=== TASK DATA ===
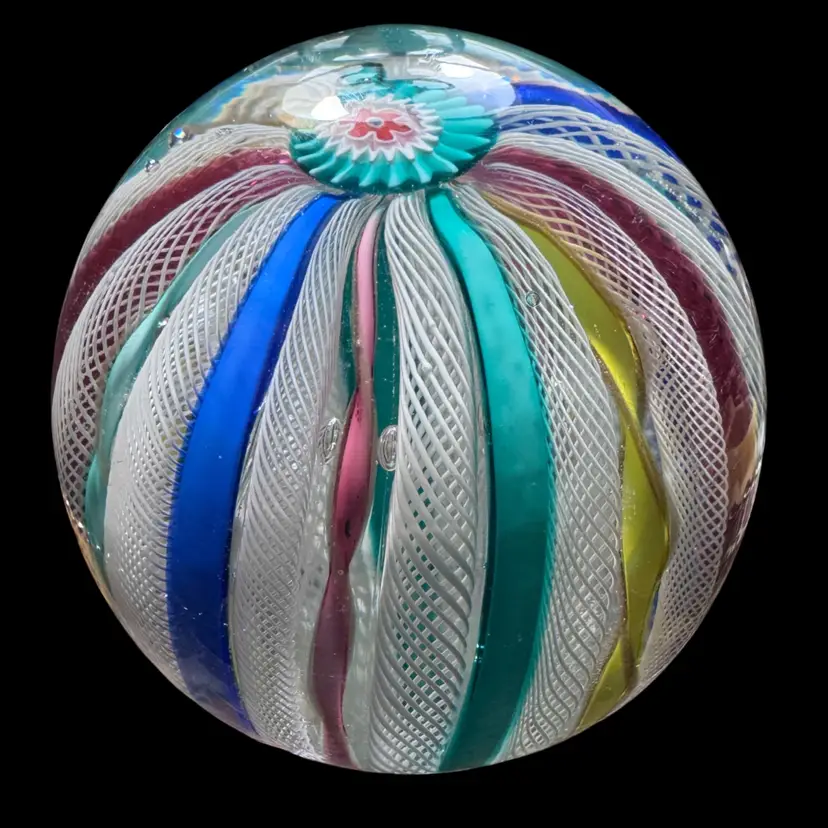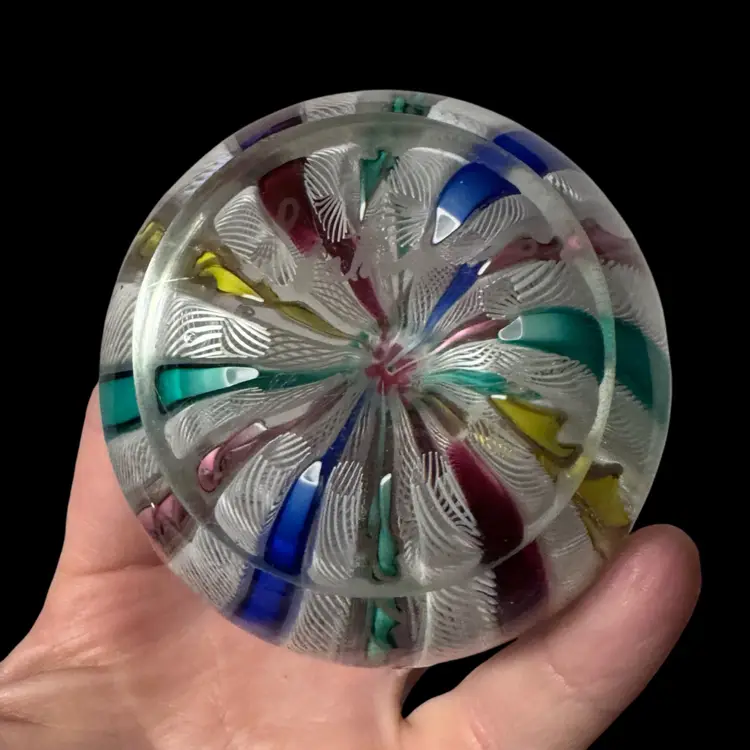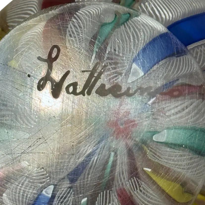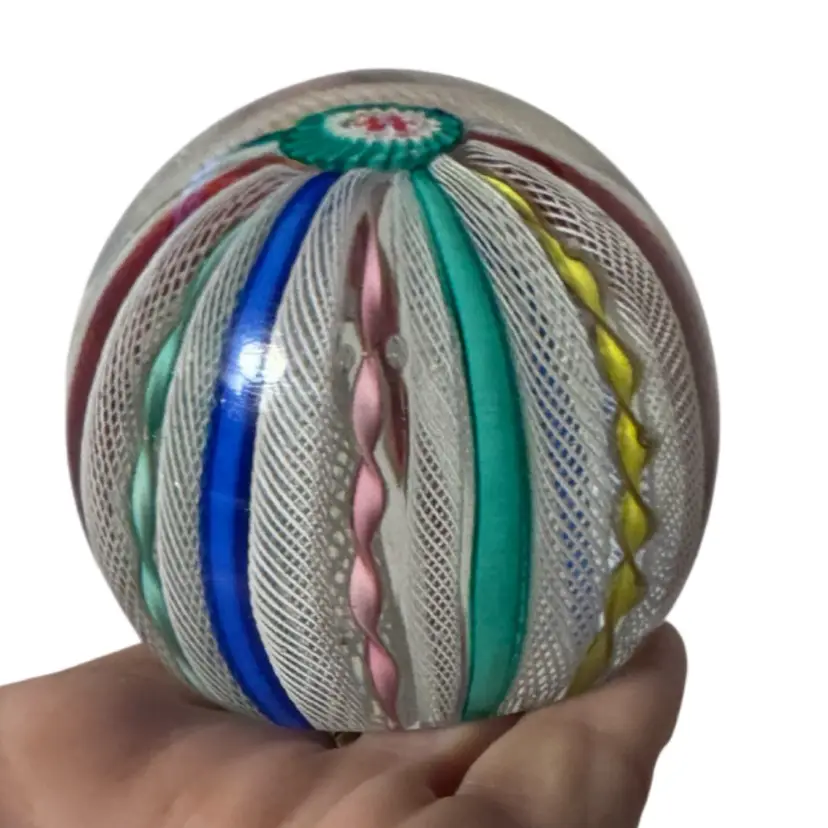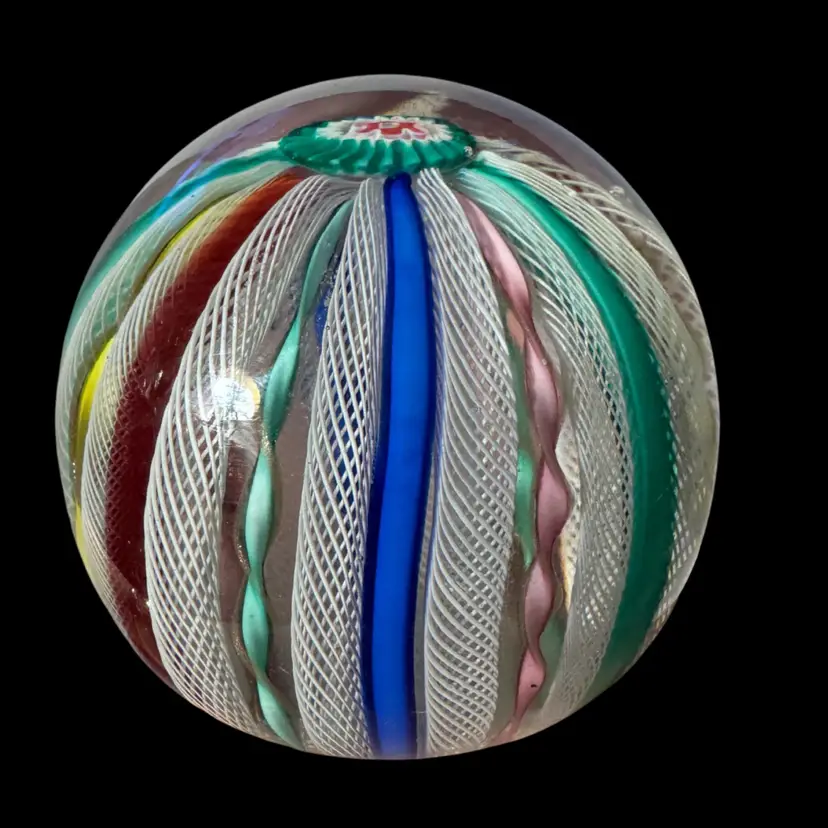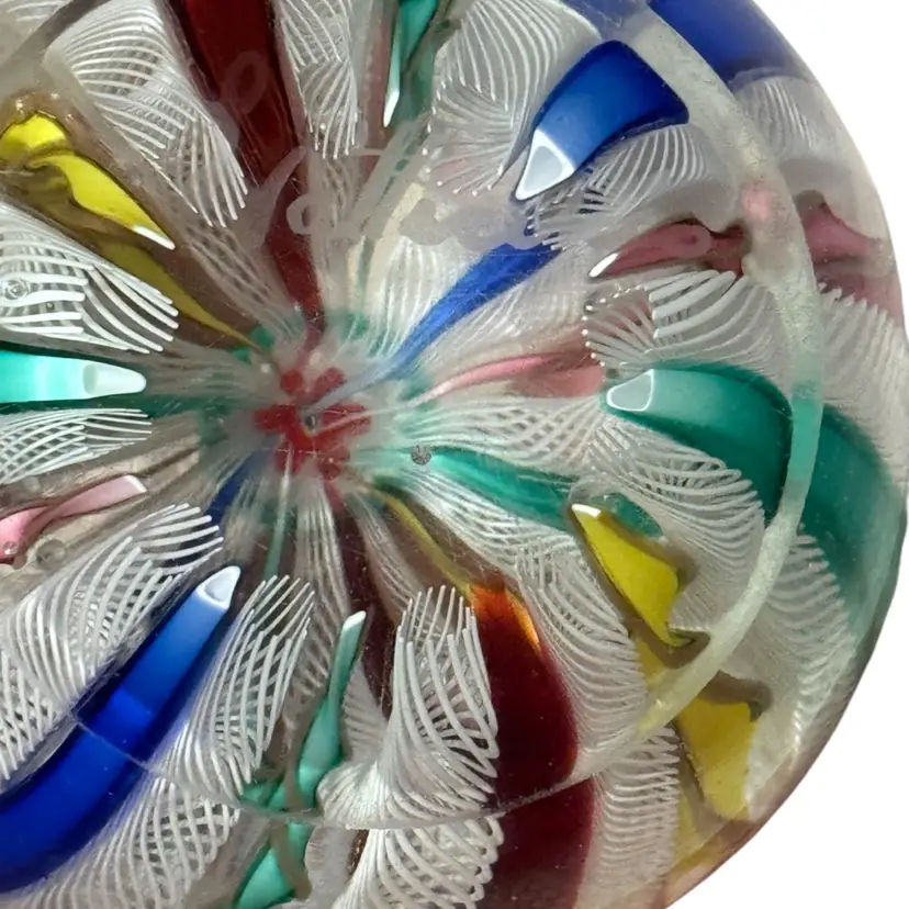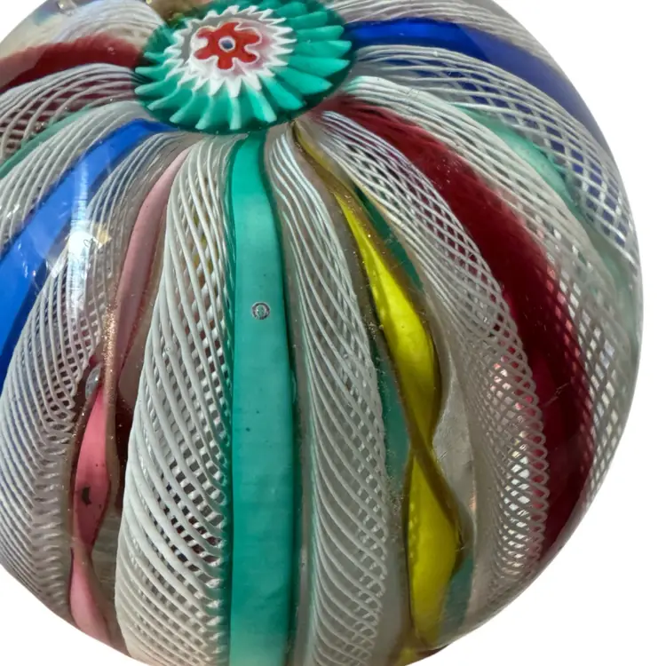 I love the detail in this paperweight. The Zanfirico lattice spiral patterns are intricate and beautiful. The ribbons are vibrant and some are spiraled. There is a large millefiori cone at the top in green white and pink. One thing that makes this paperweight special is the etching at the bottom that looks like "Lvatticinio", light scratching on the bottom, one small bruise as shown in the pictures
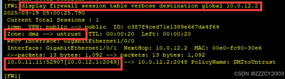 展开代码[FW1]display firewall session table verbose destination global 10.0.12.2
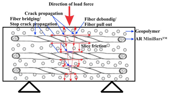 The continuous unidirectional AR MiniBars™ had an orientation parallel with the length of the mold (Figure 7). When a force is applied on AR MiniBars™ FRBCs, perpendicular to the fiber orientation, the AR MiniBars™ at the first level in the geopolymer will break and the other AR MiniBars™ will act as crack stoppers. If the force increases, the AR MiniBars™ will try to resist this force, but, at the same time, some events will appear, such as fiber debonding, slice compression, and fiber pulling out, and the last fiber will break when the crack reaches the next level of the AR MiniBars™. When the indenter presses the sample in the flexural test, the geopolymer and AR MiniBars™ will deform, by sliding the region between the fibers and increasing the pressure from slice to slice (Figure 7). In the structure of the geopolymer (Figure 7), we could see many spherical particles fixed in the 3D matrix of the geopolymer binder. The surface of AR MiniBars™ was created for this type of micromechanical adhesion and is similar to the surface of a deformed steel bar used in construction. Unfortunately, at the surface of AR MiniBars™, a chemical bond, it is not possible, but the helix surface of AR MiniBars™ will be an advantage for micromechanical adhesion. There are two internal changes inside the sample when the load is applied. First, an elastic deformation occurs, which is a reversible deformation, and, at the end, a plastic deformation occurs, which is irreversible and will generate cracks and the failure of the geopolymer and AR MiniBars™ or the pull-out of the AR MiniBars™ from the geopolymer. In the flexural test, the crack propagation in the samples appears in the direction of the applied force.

* * *

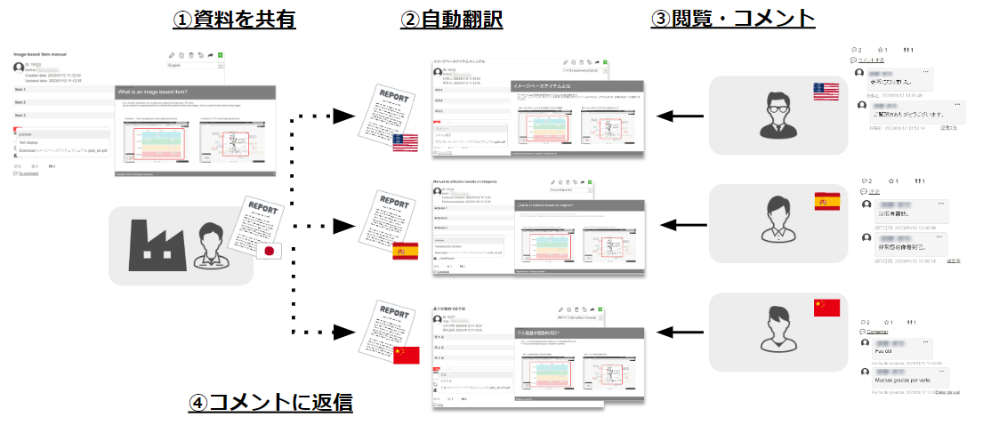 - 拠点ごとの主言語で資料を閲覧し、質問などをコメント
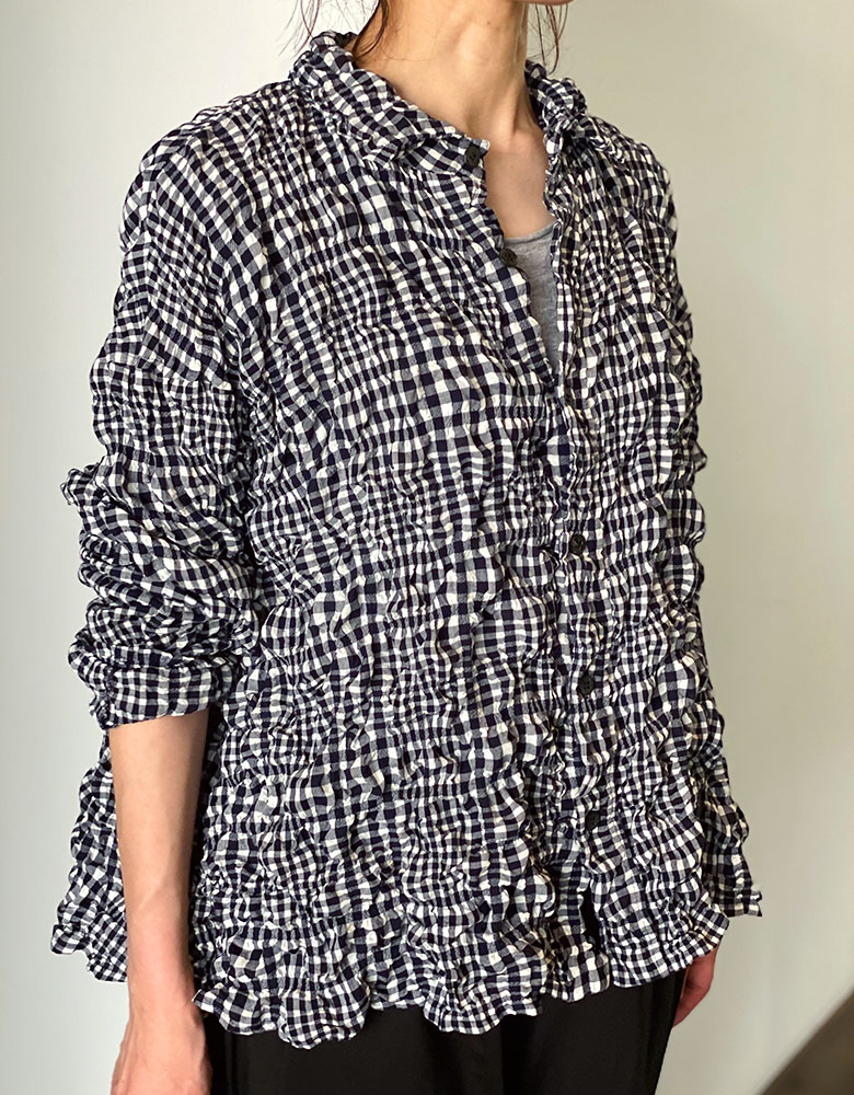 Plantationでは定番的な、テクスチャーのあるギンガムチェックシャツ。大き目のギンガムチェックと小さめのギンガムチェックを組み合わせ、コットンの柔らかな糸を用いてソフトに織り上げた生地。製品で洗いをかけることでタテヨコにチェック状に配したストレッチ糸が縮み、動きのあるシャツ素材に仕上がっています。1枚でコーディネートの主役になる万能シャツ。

=== REQUIRED ACTION ===
Copy the lines above exactly, starting at the one with "- 拠点ごとの主言語で資料を閲覧し、質問などをコメント" and ending at the one with "Plantationでは定番", both included. Leave out any pictures and add nothing else.

=== WRITTEN REPLY ===
 - 拠点ごとの主言語で資料を閲覧し、質問などをコメント
 Plantationでは定番的な、テクスチャーのあるギンガムチェックシャツ。大き目のギンガムチェックと小さめのギンガムチェックを組み合わせ、コットンの柔らかな糸を用いてソフトに織り上げた生地。製品で洗いをかけることでタテヨコにチェック状に配したストレッチ糸が縮み、動きのあるシャツ素材に仕上がっています。1枚でコーディネートの主役になる万能シャツ。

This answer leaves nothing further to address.